As employers try to cut the costs of providing health insurance to workers, they’re offering more high-deductible health plans. The premiums are lower, but you’ll pay $1,000 or more — sometimes a lot more — out-of-pocket before the insurance coverage kicks in.
High deductibles also are the rule for many plans available on the federal and state health insurance marketplaces created under the Affordable Care Act.
How do you get the best use of this kind of coverage? Here are 10 tips:
1. Claim your freebies
Under the Affordable Care Act, certain preventive health services are available to you at no cost, even with a high-deductible policy. Make sure the doctor’s office or hospital accurately codes any such procedure you have. That way, the insurance company will know it’s one of the free services and will cover the cost.
The federal government offers a list of free procedures and screenings online.
Before you have a test or screening, check to make sure which costs are covered. Money Talks News founder Stacy Johnson found out the hard way that some of his annual physical examination was provided at no cost to him, but that much of the rest was not.
2. Ask for a discount
Tell your doctor’s office or the hospital that you have a high-deductible plan and ask if there’s a discount for paying cash. You may even find that a doctor will give you a considerable discount if she knows you have to cover the entire cost out-of-pocket.
If you can’t afford to pay, ask the doctor or hospital for a low- or no-interest installment plan. Some still offer them.
Needless to say, you should ask whether a less expensive, alternative treatment is available.
3. Save on medications
Ask your doctor if a generic exists for the drug he or she wants to prescribe. If so, don’t stop there — shop around. A few years ago, Consumer Reports found a 447 percent difference in the price when it surveyed stores for the cost of generic versions of five widely prescribed medications. Costco was the cheapest, CR said.
Also, see “10 Ways to Get Your Medications for Less.”
4. Compare prices of medical providers
Hospital prices across the country vary wildly for the same procedure. While cost shouldn’t be the sole basis for selecting a health care provider, it should be part of your process.
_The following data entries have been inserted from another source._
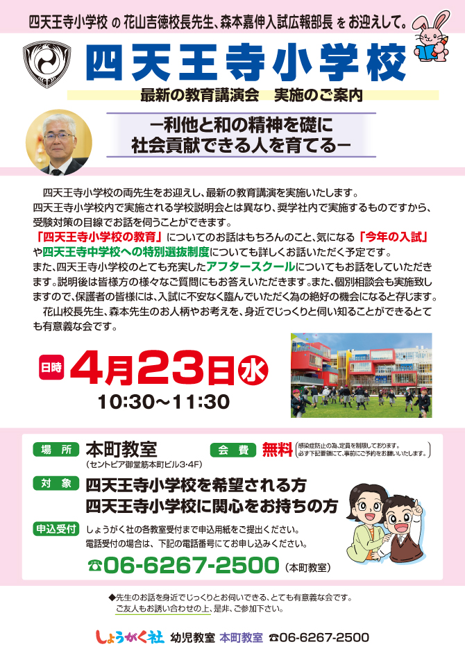 >  4月23日(水)実施!『四天王寺小学校 最新の教育講演会』のお知らせ【本町教室】
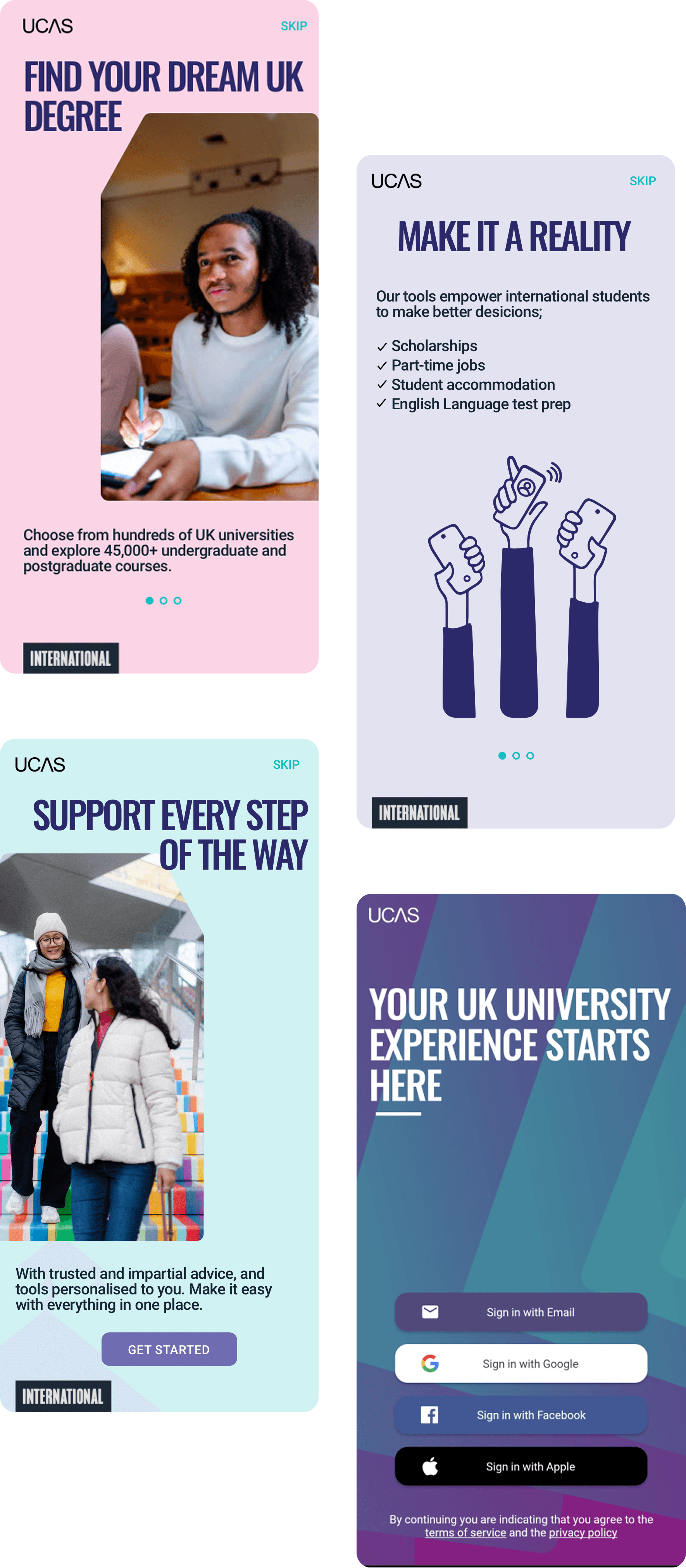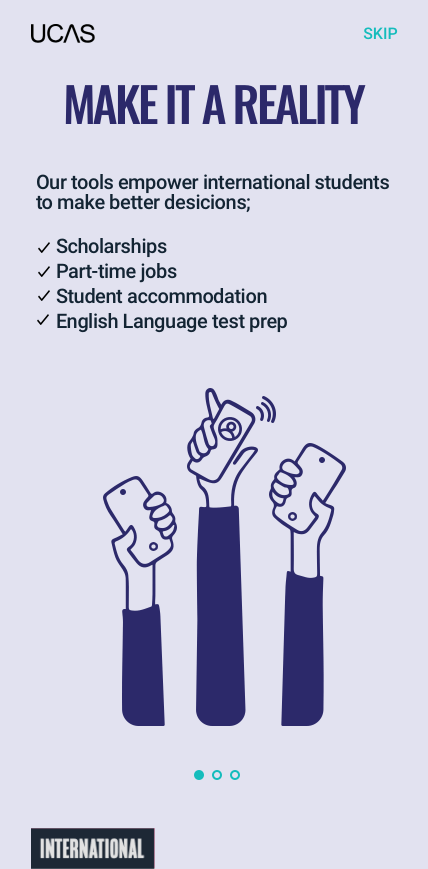 A rebrand of all Myriad products and relaunch under the name ‘UCAS International’ name was decided to reinvigorate student interest. We worked with an external agency, Hybrid, to explore and define a new ‘international’ proposition.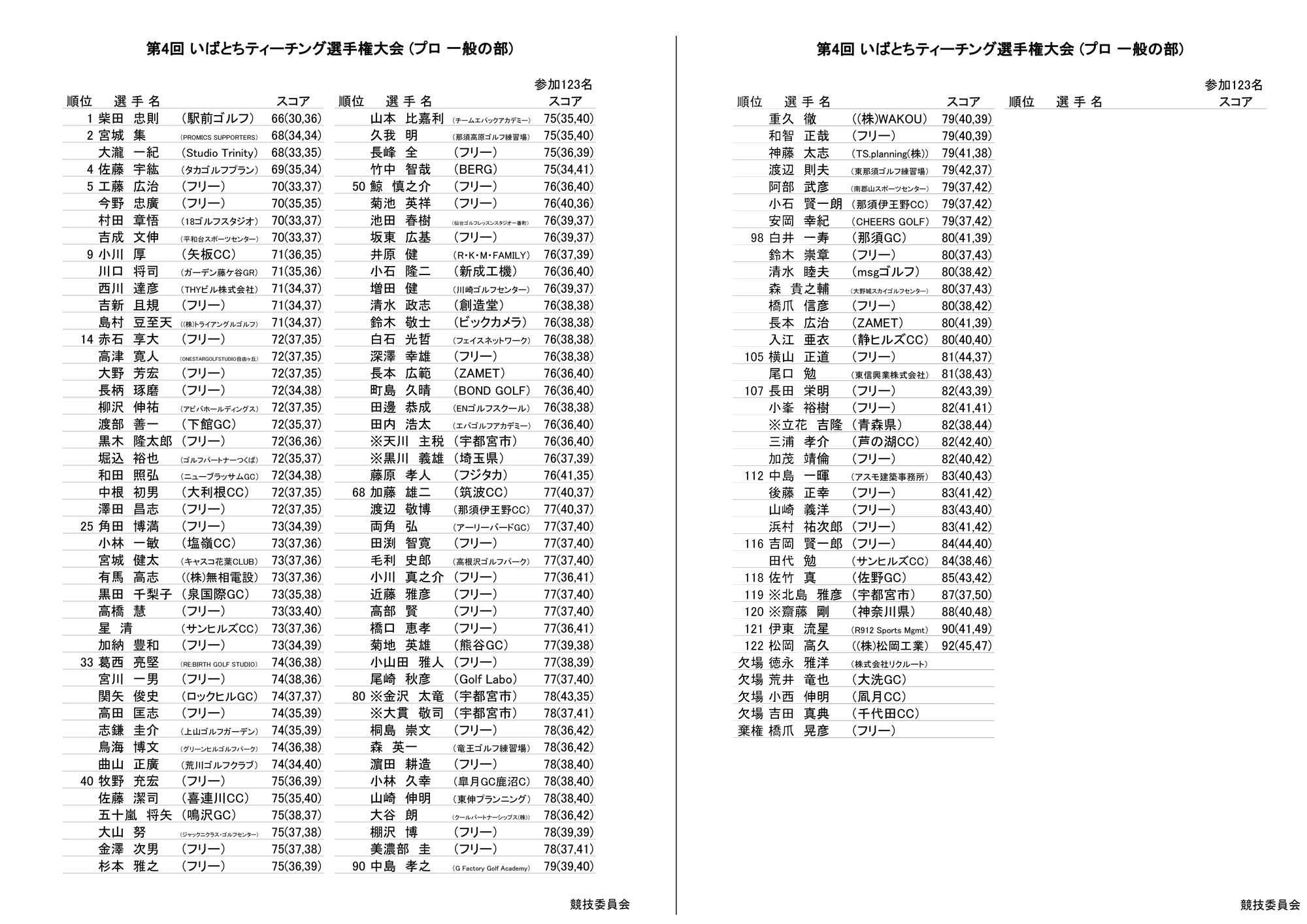 第4回いばとちティーチングプロゴルフ選手権 成績表

When you call around to compare prices, make sure you identify your insurance company so you’re quoted the rate it is charged. You don’t want to be quoted the so-called “chargemaster” rate normally used for people who don’t have insurance. The latter is likely much higher than the rate your insurance company has negotiated with the provider.
5. Stay in your network
Even if you’re paying out-of-pocket thanks to your deductible, you’ll typically pay the lower in-network rate if you stick with the health providers in your insurance plan’s network.
6. Open a health savings account
With qualifying high-deductible plans, the Internal Revenue Service allows you to create a health savings account — a savings or investment account where you can deposit pretax earnings to spend on health care.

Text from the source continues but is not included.